Oh iya, perihal alasan kenapa air terjun ini diberi nama Surupethek aku juga nggak tahu. Surupethek sendiri bukan istilah yang umum dijumpai dalam perbendaharaan bahasa Jawa. Air Terjun Surupethek letaknya ada di Desa Bojong, Kecamatan Pleret, Kabupaten Bantul, DI Yogyakarta.
Jadi, setelah dari air terjun ini bersepeda ke mana lagi ya? #senyum.lebar
Salam lestari.
Kalau mau ke Pogog, sebelum balai Desa Wonolelo, ada pertigaan, pas pondok pesantren Binaul Ummah, ambil kiri, naik terus, sampai bertemu dengan taman kanak-kanan. Setelah itu manyusuri jalan cor blok, jalur ini biasanya digunakan oleh motor trail.
Grojokan Pogog ini lumayan tinggi, lebih dari 50 meter, tapi medannya lebih sulit daripada Surupethek.
Jika berkenan, suatu saat bisa saya antar, selain air terjun, di sebelahnya juga terdapat bukit yang memiliki pemandangan yang tidak kalah menarik.
salam.
Di jalan malah sedikit papan petunjuknya, tapi di hutan-nya malah ada ya .. hehehe,
Namanya koq aneh .. Surupethek .. artinya apa ya ?
Salam kenal. Kapan-kapan ajak i aku yo.
Mungkin dari kata Surup dan Ethek (dangkal) ya?
Perjalanan kali ini gak seserem biasanya harus nanjak banget bawa sepeda. Apa kabar lutut kek gitu. XD
Eh, mas. Tapi kok Airnya butek banget ya? Atau airnya kecampur limbah atau... ada guncangan di atas.
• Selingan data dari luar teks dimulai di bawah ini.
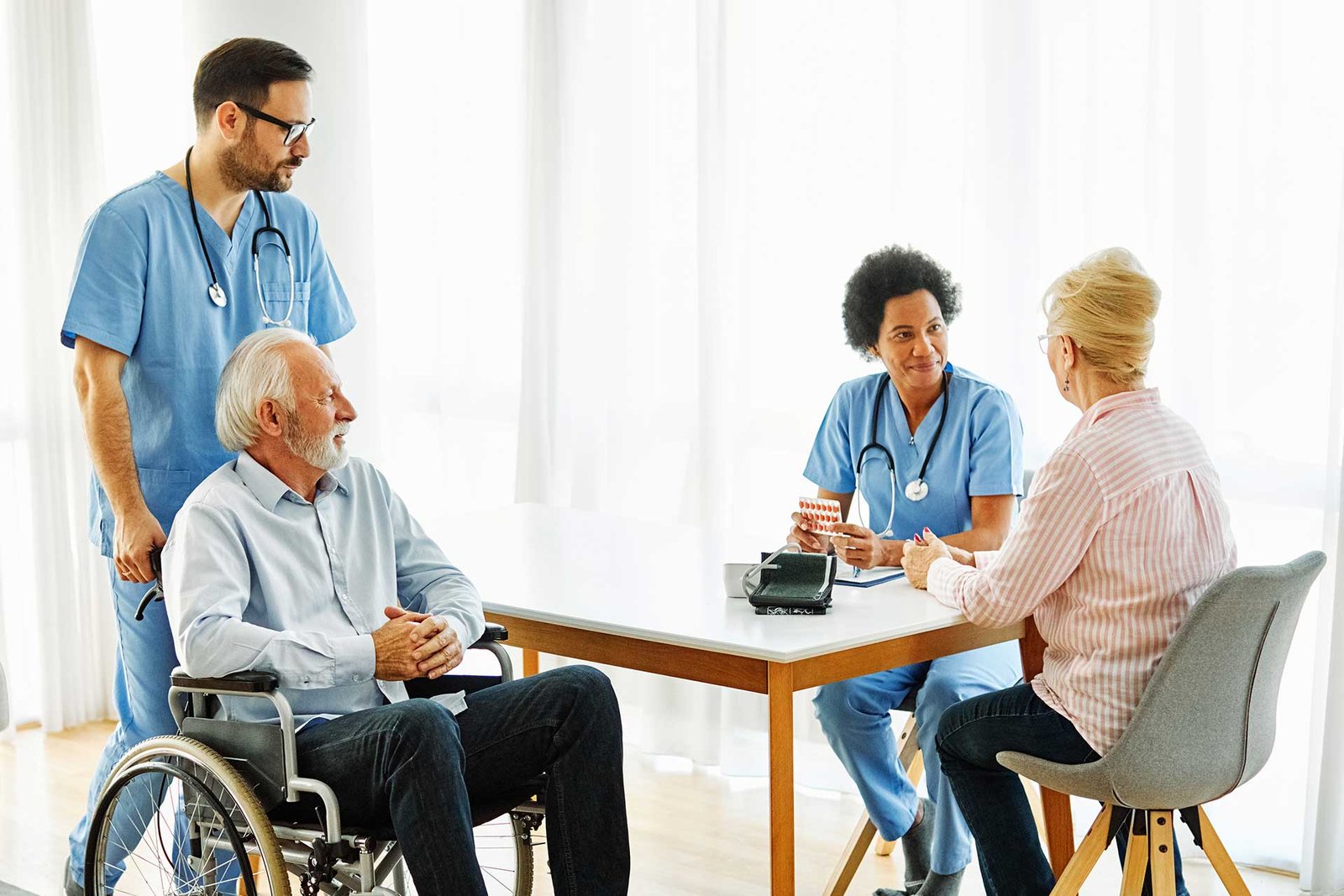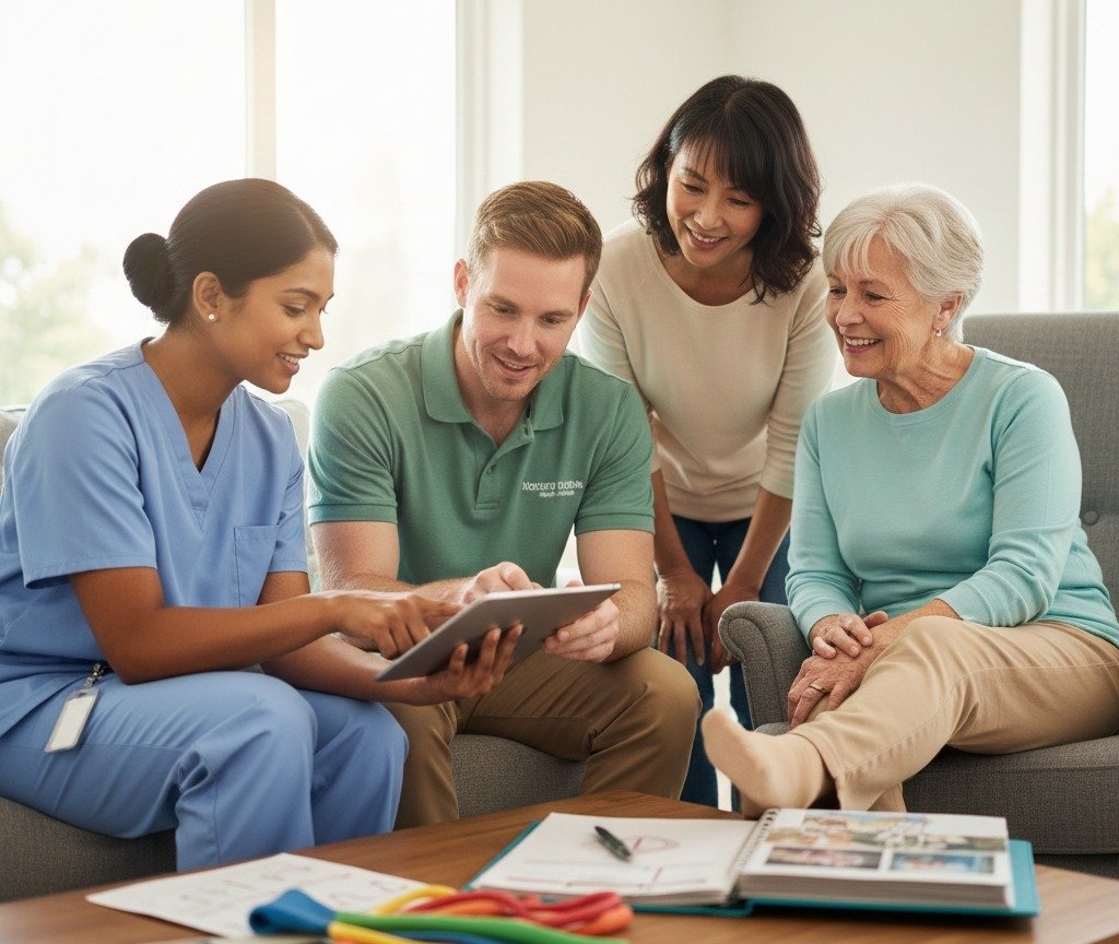 Our dedicated team, including family, discussing and planning tailored, comprehensive support.

Sehingga menjadi keruh..
Tapi meskipun ini perjalanan 2015. Tetep serasa baru sih, mas.
Kalau pas puncak musim hujan gimana ya?
Btw, ke Cinomati lewat Piyungan memang syahdu Mas, jadi inget masa survey KKN dulu sering banget ke sana. hahaha. Tanjakan dan sawahnya itu bikin adem.
Cuma denger-denger Piyungan mau jadi kawasan industri. Entah di sebelah mana.
Coba aja pas deras ya. Pasti bagus banget sambil liat bidadari mandi.
Eh ancer-ancer ki Bahasa Indonesianya patokan bukan?...
Weh, kali ini yang mandu Mbah Gundul ya Mas? Pemilik padepokan, hehehe Keren!!!